Despite the quasi-famous effort of Robert Moses to help bankers find ways to reinvest their clients’ surplus wealth* by adding automotive facilities to it, New York City remains, by far, our nation’s least car-dominated major metro area, with predictably good, if counterintuitive, implications for its comparative green-ness.

But, the comparative basis is still very much comparative, after all. As Manjoo explains, even Manhattan is wildly, crazily give over to automobiles:

In addition to the 2,450 acres of roadway in Manhattan, nearly 1,000 more acres — an area about the size of Central Park — is occupied by parking garages, gas stations, carwashes, car dealerships and auto repair shops. There is three times more roadway for cars on Manhattan as there is for bikes. There’s more road for cars than there is sidewalks for pedestrians.

And this holds, despite the fact that less than half of Manhattan’s households own a car!
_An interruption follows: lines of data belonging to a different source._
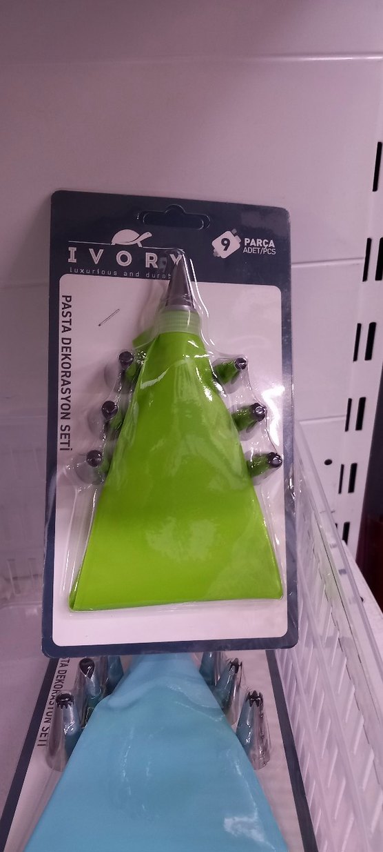 Canlı renkli 9 parçadan oluşan pasta dekorasyon seti, yeşil sıkma torbası ve çeşitli metal uçlar içerir.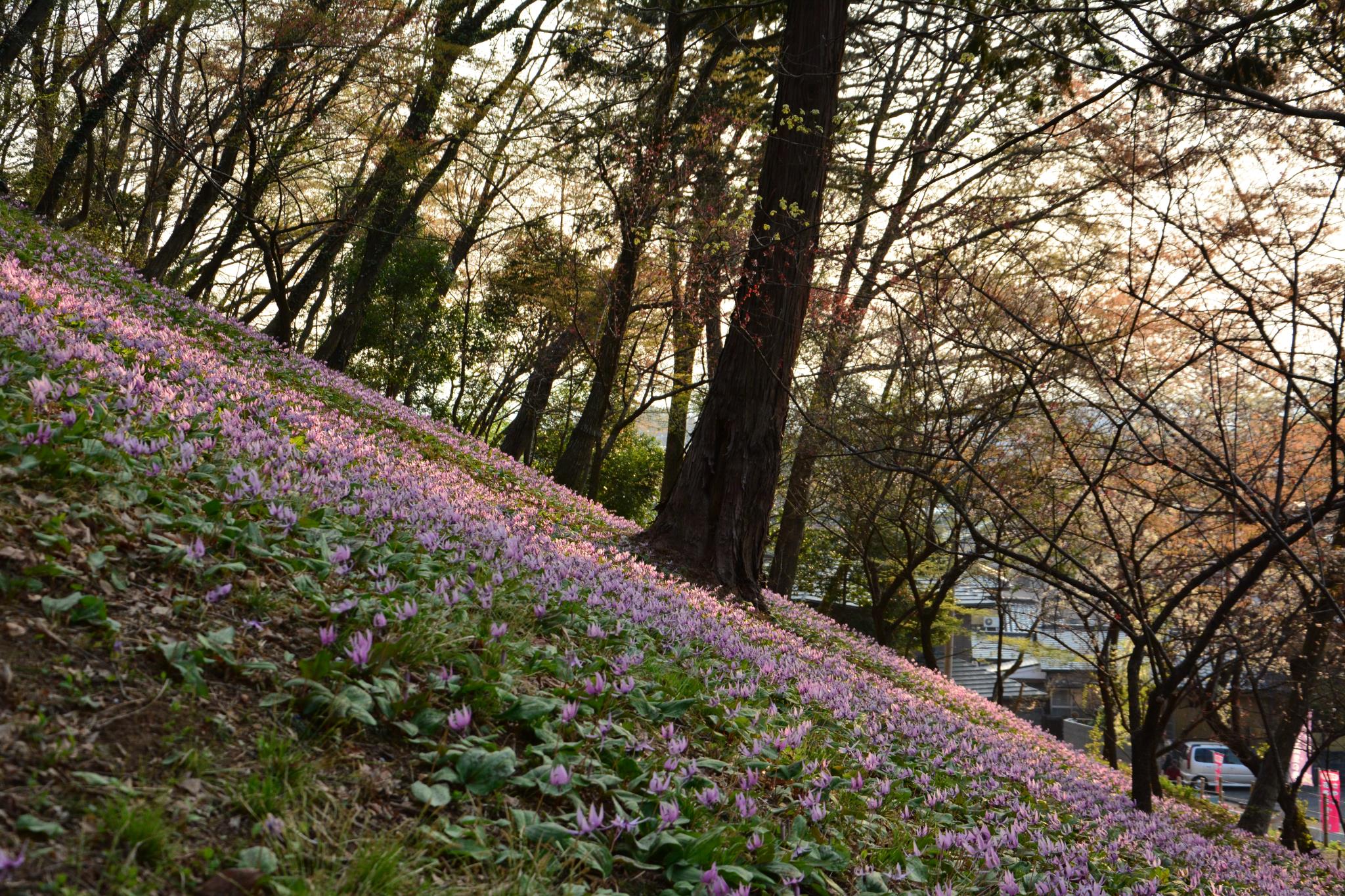こんばんは!夕陽でしょうか。光が当たったところの色が美しいです。すごい量のカタクリの花ですね。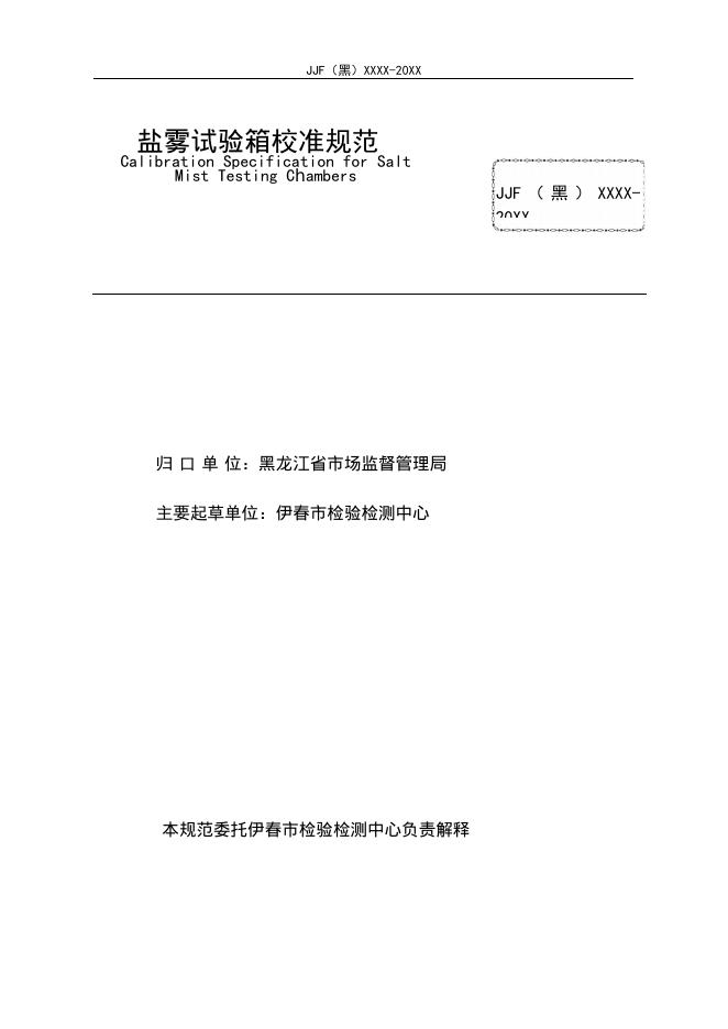 JJF(黑)XX-20XX 盐雾试验箱校准规范(审定稿)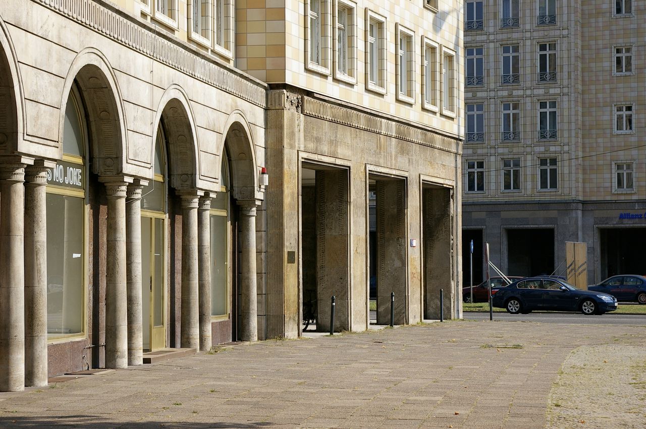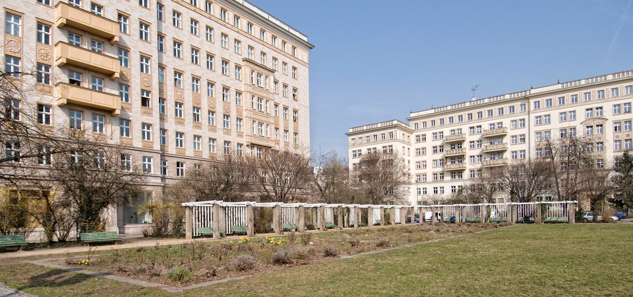 Die Karl-Marx-Allee mit dem Strausberger Platz in seiner Mitte verbindet Berlin-Mitte und Berlin-Friedrichshain. Der längere, Friedrichshainer Abschnitt wurde 1950 errichtet und ist durch Wohnblöcke und Türme in einem Stilmix aus Sozialistischem Klassizismus und preußischer Schinkelschule geprägt. Den Abschnitt in Mitte, der den Strausberger Platz mit dem Alexanderplatz verbindet, dominieren Plattenbauten aus den 1960er Jahren. Die Turmbauten am Frankfurter Tor und am Strausberger Platz vom Architekten Hermann Henselmann sind die städtebaulichen Höhepunkte der Karl-Marx-Allee. Weitere architektonisch bemerkenswerten Bauten sind das Kino International und das Café Moskau der Karl-Marx-Allee.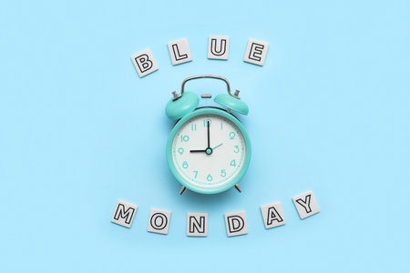 Text BLUE MONDAY with alarm clock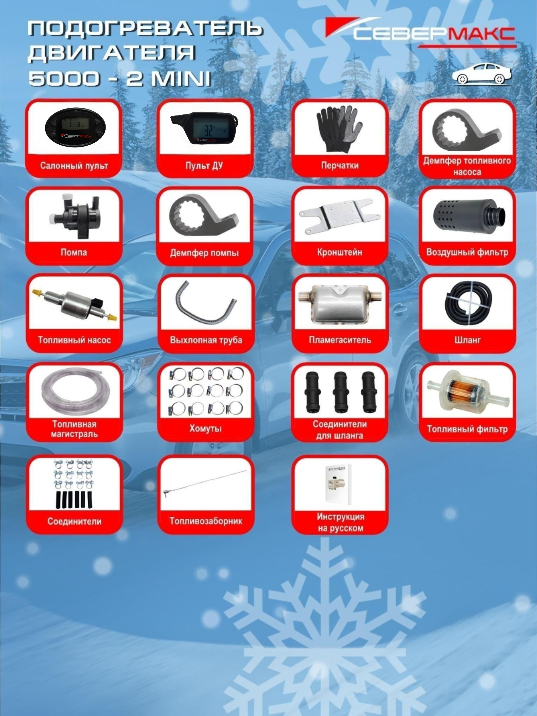 Автономный предпусковой подогреватель двигателя СЕВЕРМАКС 5000-2N, 12V бензин/дизель, с пультом

Something is very rotten in this not-Denmark of ours, and the reality is starting to reek badly enough for it to be catching a few new nostrils, at very long last.

_______

*From Robert Caro’s The Power Broker, p. 730:

Jack Madigan, who had spent weeks trying to peddle Henry Hudson Bridge bonds around Wall Street in 1936, was astonished when previously aloof bankers began inviting him to lunch in their private dining rooms in 1946 — until one, Stewart Becker, president of the Bank of Manhattan, casually remarked over dessert, “You know, Jack, we’ve got more money than good uses for it.” Then he [Madigan] understood. Returning from Becker’s table, he told Moses that the banker was asking to be allowed to buy as much as possible of the next Triborough bond issue — and the bartender’s son [Madigan] added that he would never have to go hat in band to bankers again; from now on, bankers would come to him.